Yeah, the ‘GetAllActorsOfClass’ approach is kind of ugly, and also not very efficient. That said, the simplest way to solve your issue would be to just do that within the BeginPlay of a blueprint, and store the result in a variable on the blueprint. Then everywhere else in the blueprint, you just access the cached version in the variable.

Another approach would involve storing the master reference to your object somewhere global, such as in a variable on GameMode/GameState. That variable could be set on level start using ‘GetAllActorsOfClass’, or alternatively, you could not place the actor at all and just have the GameMode spawn it in its BeginPlay, and store the result.
Then you would use a blueprint function library, which you can create either in blueprint or in C++, to provide easy access. Just add a function called ‘GetNightAndDay’, which calls GetGameMode -> Cast To MyGameMode -> Get Night & Day Variable. You can then invoke that function from any blueprint, and won’t need to cast.

So I can set up a function in a function library that pure casts, and it will only cast the first time due to it being pure?

Sorry, when I said you won’t need to cast, I meant that you won’t have to add a cast node in every blueprint from which you want to access the object, since it will be casted in the function library and returned as the specific type you are after. The cast node will still have to be processed on each call though, since you can’t store any state in a function library.

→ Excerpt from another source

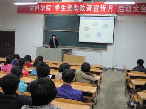 2012年3月16日晚7点,材料科学与工程学院“学生资助政策宣传月”启动仪式于6栋105教室举行,我院2011级辅导员王迎波老师出席了仪式并作重要发言,同时启动仪式还邀请了我院自治区三好学生,桂林市优秀共青团干无机08-2班莫贞彪同学与所有受助同学分享了自己的大学四年心得。

I thought you were asking from an ease of use point of view. Maybe I misunderstood, are you in fact concerned about performance? If so, you really shouldn’t be. Doing a cast is pretty light, you’d have to be accessing the object inside a loop inside a tick function for it to even start to be an issue. In that unlikely case, you’d just cache it in a local variable first.

I am indeed concerned about performance, as there can be thousands or possible tens of thousands of items being placed. There are also many things pre-placed in the level, and it can be a hassle to go through each one of them and pick the day/night actor from the level as a reference. Optimally, I would have a ‘Get Day/Night’, just like ‘Get Player Controller’ that returns a reference. I am willing to work in C++ in order to accomplish what I need, I just don’t know where to look.

I’d create a custom GameInstance class, add a static var and assign the target object to it once; right after scene is loaded.
That way I’d have to call *GetAllActorsOfClass() + cast a single time when the level is loaded.
*

Well, if performance is genuinely an issue, there won’t be any other approach that can compete with just caching a reference in a blueprint’s BeginPlay.

That said, I think if you have thousands of items all needing to access the night and day object in their tick (or a high frequency timer) then you probably have a more fundamental design issue. Casting is not going to be the cause of your performance bottleneck.

Anyway, if you want to do this in C++, just create a static UFUNCTION, either in a UBlueprintFunctionLibrary or any other C++ UCLASS you have. See here for an example. You can see though that it’s inevitable you’ll have to do a bit of lookup each time this is called (GetWorldFromContextObject) if you want to get a reference to something in the world from a static function that you can call from any blueprint.

Hello!
I’m in the same situation! The variable has to be accessible from multiples levels…
My problem is my game is based on the unreal shootergame exemple, it’s in C++ and I don’t understand C++.
I need to create a variable in the ShooterGameInstance.h? .cpp? that store the value (true/false) of my BP variable “IsDay”.
Where and which code i have to add?

just create a static UFUNCTION => A real challenge when starting at 0!

First, make sure you store any references in a variable of the exact same type as the day/night object, not just the actor type. This will prevent unnecessary casts.

As others have said, it is easiest to store the reference in a globally accessible object like GameInstance. It might even be best to have the day/night system in the GameInstance object. That will make it even easier to access.